Was den Inhalt dieser 85 Canones betrifft, so beziehen sich nur wenige derselben auf die christlichen Laien, die allermeisten auf den Klerus, namentlich auf die Bischöfe, Priester und Diakonen; es wird in ihnen festgesetzt, welche Eigenschaften vom Empfang der genannten Ordines ausschließen, welche Sünden die Ausstoßung aus dem Klerus nach sich ziehen, in welcher Weise die hierarchischen Personen, zumal die Bischöfe ihres Amtes zu walten, was sie zu thun, was sorglich zu meiden haben u. s. w. — Viele dieser Canones sind unstreitig sehr alt, gewiß manche in der That apostolischen Ursprunges: nicht wenige scheinen aus den ersten sechs Büchern der apostolischen Constitutionen entnommen, andere Beschlüsse älterer Synoden zu sein.
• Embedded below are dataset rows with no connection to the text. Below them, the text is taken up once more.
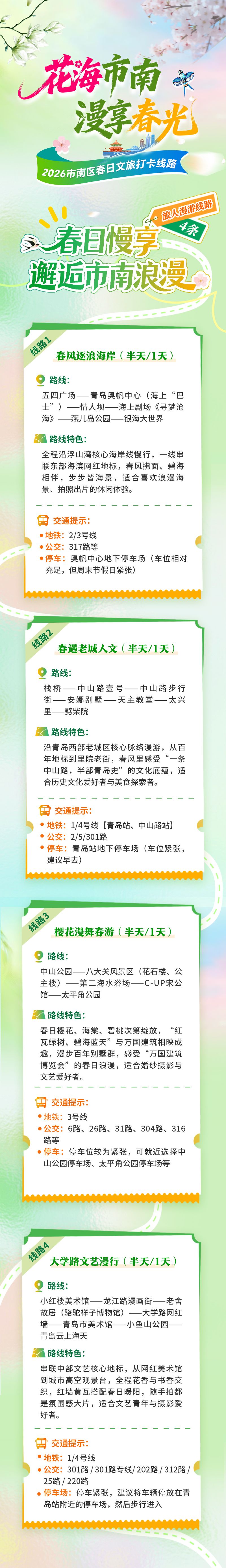 青岛日报社/观海新闻4月6日讯 春风逐浪,向海而行。日前,“花海市南·漫享春光”2026春日文旅消费季推出4条旅人漫游线路。一步一景皆是碧海春光,是春日休闲、拍照出片的绝佳选择。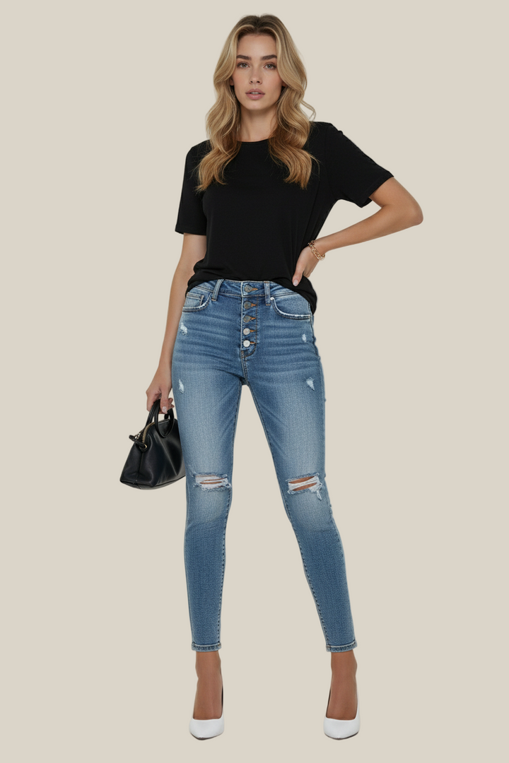 Women's shapewear jeans in a fashionable cut with a precise urban touch. A flattering design with decorative buttons and subtle rips that add a playful and modern style. Made of high-quality denim fabric, fitted to the body and flatteringly emphasizes the waistline. Perfect for a chic everyday look or a light evening outfit. Especially suitable for summer - with a precise ankle length and a kick-ass style that you won't miss!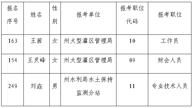 根據(jù)《2010年黔西南州直事業(yè)單位、州工業(yè)投資有限責(zé)任公司新增人員公開招考簡章》的規(guī)定,王茜等3名考生經(jīng)筆試、面試、體檢、考察合格,確定為擬聘用人員,現(xiàn)予以公示,公示期七天(2011年2月9日-2月15日),公示期間如有疑問,請聯(lián)系黔西南州人力資源和社會保障局事業(yè)單位人事管理科,電話:0859-3221609。擬聘用人員名單如下: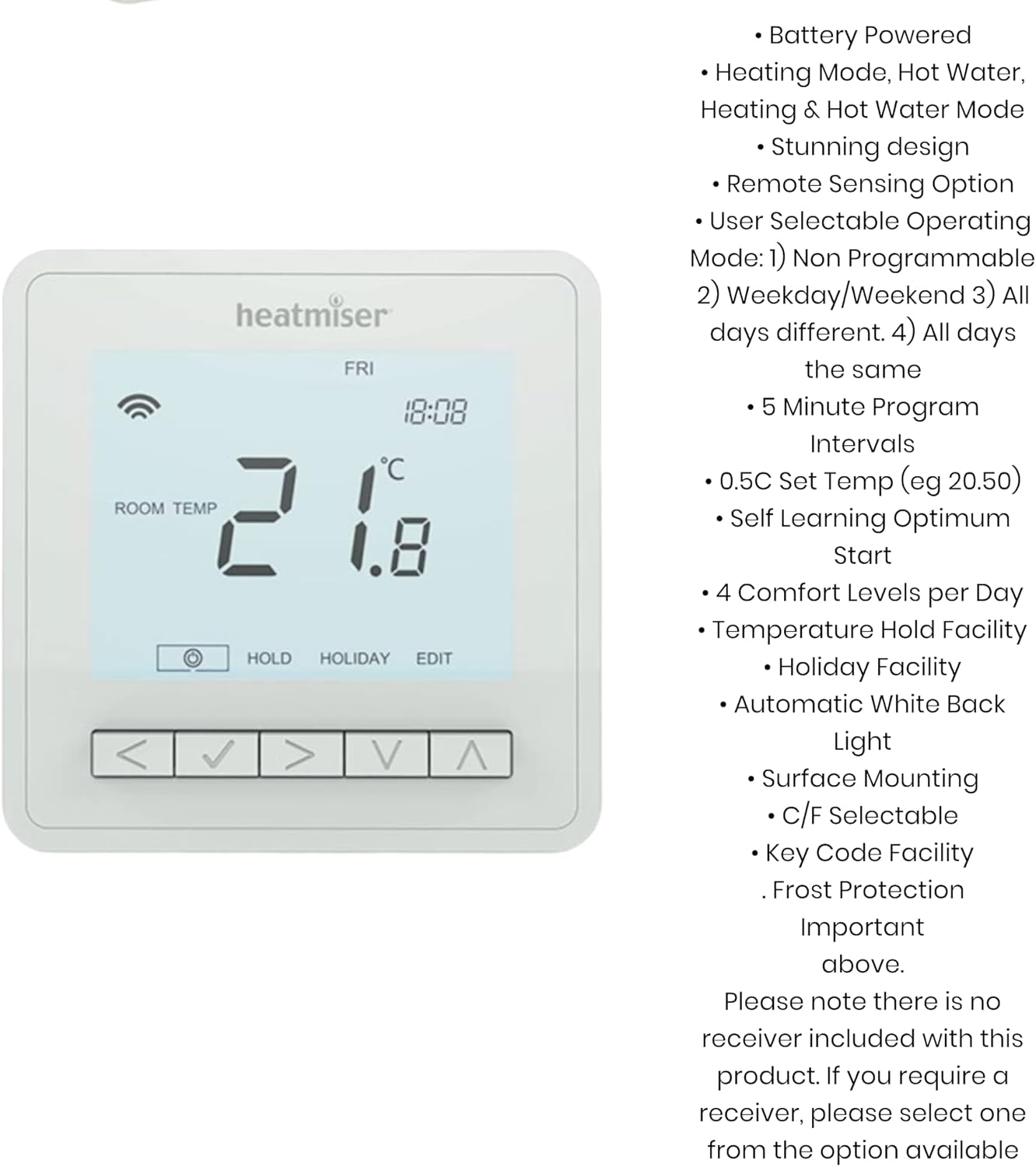 Works with Heatmiser RF Switch Receiver or UH8-RF Wireless Wiring Centre (Not included)

Nach Drey wären einzelne Canones aus den Akten der Concilien von Nicäa und Antiochia (341), ja sogar aus denen der allgemeinen Concilien von Ephesus (431) und Chalcedon (451) entlehnt; allein schon Bickel und neuestens Hefele (Conciliengesch. Bd. I. S. 771 ff.) haben gegen diese Annahme gewichtige Bedenken erhoben: jedenfalls bleibt noch sehr problematisch. was Drey behauptete, daß nämlich die erste Sammlung apostolischer Canonen (die fünfzig des Dionysius) erst nach der Mitte des fünften, die andere (die 35 späteren Nummern enthaltend) erst zu Anfang des sechsten Jahrhunderts entstanden sei.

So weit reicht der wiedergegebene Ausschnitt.